FERC also rejected RR477’s previous iteration in 2020, siding with stakeholders who argued the proposal would give a pricing zone’s facilitating TO ”unilateral power” and “unduly” benefit them and the zone’s largest network load customer. GridLiance High Plains, Tri-County Electric Cooperative, Kansas Power Pool and a group of eight cooperatives argued the proposal would allow a single customer, based on the size of its load, to dictate planning criteria for everyone else in the zone. (See FERC Rejects SPP’s Zonal Planning Criteria.)

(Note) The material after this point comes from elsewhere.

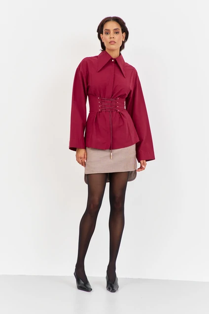 Блузка приталенного силуэта с декоративной шнуровкой по переду и спинке. Характеристики: выполнена из блузочной ткани в цвете марсала, центральная застежка на петли и пуговицы, по переду и спинке декоративная шнуровка, воротник рубашечного типа, спущенное плечо. Длина рубашки по переду 71 см, длина рукава 57 см.
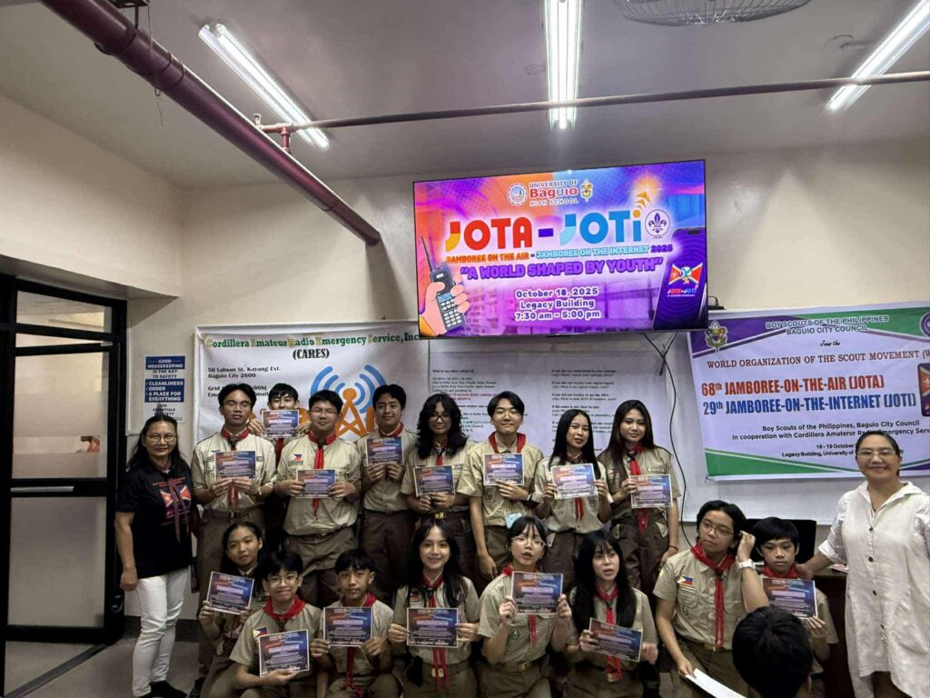 Boy Scout representatives from the Science High School Department (UBSHS) of the University of Baguio proudly participated in the 68th Jamboree-on-the-Air (JOTA) and the 29th Jamboree-on-the-Internet (JOTI), held on October 18, 2025. This global Scouting event, which connected thousands of Scouts from all over the world, was organized by the World Organization of the Scout Movement (WOSM), with the University of Baguio High School Department acting as host. The event was made possible with the support of the Boy Scouts of the Philippines (BSP) Baguio City Council, DX2CAR-CARES, and Dr. Violeta F. Apiles, who played a key role in facilitating the occasion.

Zonal Planning (SPP) Content.jpgSPP’s proposed zonal planning criteria to create uniform local planning criteria within each transmission pricing zone | SPP

RR477 retains the facilitating TO concept but introduces a formal process to influence its decision-making in establishing the zonal planning criteria. SPP staff said the measure also establishes an avenue to ensure input from the zone’s other TOs, customers and stakeholders is considered and add a two-step voting process.

Some stakeholders have pushed back, saying the new language is overly burdensome on the FTO and includes hard dates that are inflexible. They said a requirement to perform the exercise annually is not in reliability planning’s best interest.

Evergy said in its comments that the “one-size-fits-all” approach includes rigid vote procedures in two early steps and weights that are not equitable in zones where the largest TO also has a clear majority of the load. The utility said local planning would cease to exist in transmission zones that don’t reach consensus because the planning criteria does not identify a zonal reliability upgrade.

“Status quo is not an answer,” Southwestern Public Service’s Bill Grant said at MOPC. “I think SPP will tell you there’s a lot of different TOs and each one has different criteria in each zone. That gets to be where it’s not workable.”

MOPC’s members suggested entities send their specific concerns to Evergy’s Denise Buffington, the committee chair. She said her company’s reliability concerns have not yet been addressed, but that work underway “could push the Evergy team over to support the proposal.”

“We’ll have that debate and dialogue at the board meeting,” she said.

“We’re close. We’re going to see if we can’t close that gap in the next two weeks,” American Electric Power’s Richard Ross said at MOPC. “We’d like to get this taken care of at the board.”

Heather Starnes, who represents Missouri Joint Municipal Electric Utility Commission, an alliance of municipalities, said RR477 is not perfect, “but it’s a good start.”

“If we can bolster SPP’s criteria to make people comfortable, we’d like to do that,” she said. “I don’t think we’ll make everybody happy.”

Starnes was part of a sub-team with Ross, Wise and Grant working to resolve differences between TOs and the protesting groups on RR477.

“Everybody understands it’s a great thing to work together on consensus,” Grant said. “There are some situations where people don’t agree, but that doesn’t tie your hands. I do agree a lot of good work has gone into [RR477] that addresses FERC’s concerns.”